Asking the right questions

Asking the right questions really is about understanding the context, and what the goal is. That is not always easy, which is why asking the right questions is what will make you so valuable. Not everyone at the company knows exactly all the right questions to ask, which is why you need to come in with your experience and the perspectives you have, and ask questions only you can think of.

As you keep asking questions in different contexts, helping you understand better the bigger picture and the goal or the purpose of for example a project or initiative, you will also gain more experience and knowledge from that in itself. You can begin to see patterns in the projects you engage in which will lead you to always thinking about the things you learned in the past instances of older projects.

For example, deploying a new storefront for the company, have we thought about telemetry? What are the performance metrics we care about, and are they somehow tied to any KPI’s or real business value? Can we measure the performance metric towards any costs or cost savings?

So, being truly valuable, is also asking the right questions. But to become truly indispensable at a company, you need specific knowledge.

Being indispensable, means having specific knowledge

What I mean by specific knowledge, I mean being the person who knows more than anyone else about critical parts of the business. It can be as little as being the one who knows one single system inside and out, but a system that is critical for the company’s operations. It’s really simple, and you can probably understand why this might not just be a good thing. But it comes back to the question of value. What will make you indispensable, is having so much value, and having value that nobody else can provide.

That’s simply what that means. Make yourself uniquely qualified and experienced, and it won’t be easy, nor will they want, to get rid of you. Because you are literally an irreplaceable asset for them. You are the person they go to to ask questions about the system they know is super important and provides crucial value for them as a business, and they now want to grow so that it can provide even more value.

If you’ve ever worked for a big company with a big IT architecture, you will have seen examples of these people, but whom you might have built up a distaste for because they’ve ended up in that position simply through their own day-to-day work. They’ve been at the company long enough to be the only people who knows how a particular system works, because they are the only one’s left who were there when they first built it. They have become one of the company’s single points of failure, a vulnerability. And what do you think is more expensive for them in the short term, replacing a critical part of their system and making sure the new service is well documented and as stable as the old system, or simply paying someone to stay where they are?

This is obviously not a positive example, but there are countless just like it, and it is a problem for the organisation themselves.
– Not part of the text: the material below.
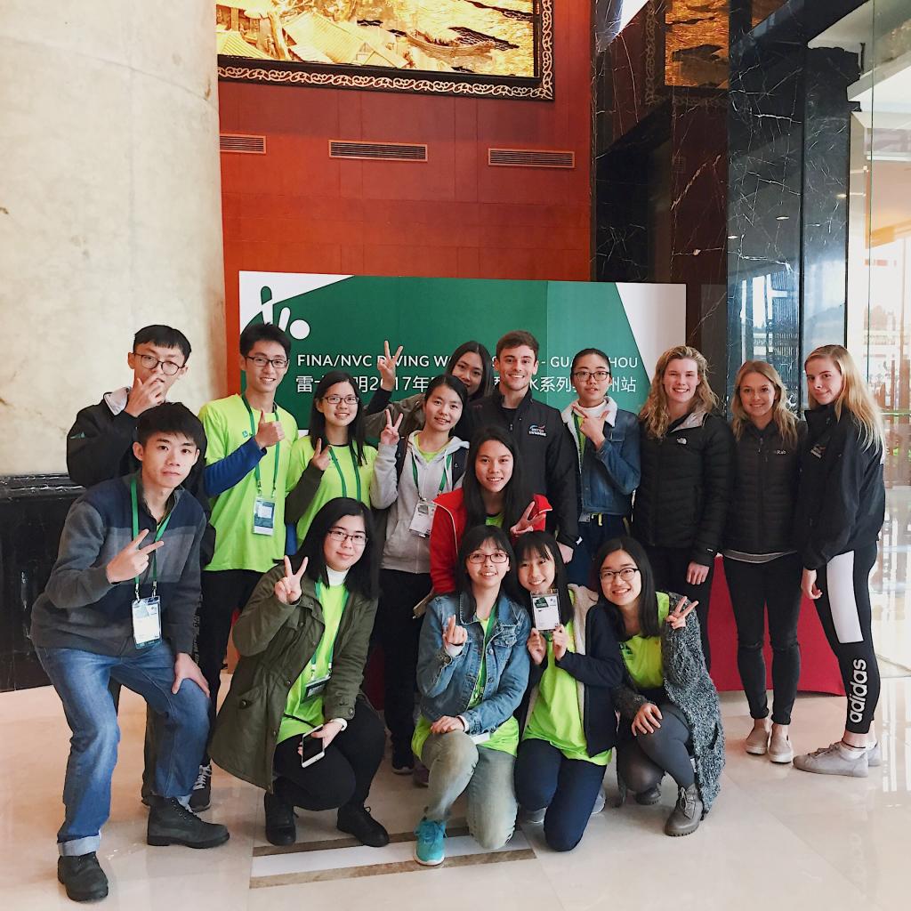 我校组织15名外语专业志愿者于2017年3月5日至12日全天协助赛事期间的相关工作。为此次会议提供了赛时参赛人员接待、国际泳联贵宾的联络及陪同翻译、国际裁判的接待及服务、酒店信息台的问询、交通、运动队服务等志愿服务。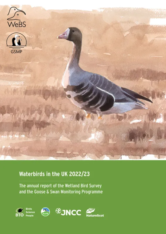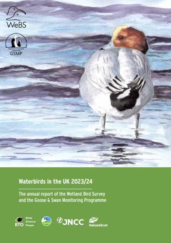 Waterbirds in the UK presents the results of the annual BTO/RSPB/JNCC Wetland Bird Survey (WeBS) report. Since 2022, Waterbirds in the UK is also the primary reporting mechanism for BTO/JNCC/NatureScot Goose and Swan Monitoring Programme (GSMP) results.

And this is where the question of why comes in. You have to understand why you want to be valuable, and then how. And you can be the person with this specific knowledge, while still having documented everything you know and trying to help spread the knowledge at the company. Because, as I said, not everyone will want to be the person who does what nobody else does. And that’s ok.

So, you can be indispensable, by acquiring specific knowledge and insight, through asking the right questions and understanding what the business really values. And through that knowledge, insight and understanding, in combination with your skills, help them reach their goals and provide true business value. That, in the end, is an indispensable employee.

Final words

These are my own thoughts and experiences that I speak from, which I’ve collected over the years both through work, but also through self-study and practicing what I learn through books and courses. I hope you found it insightful or in any way useful, as I have over the years.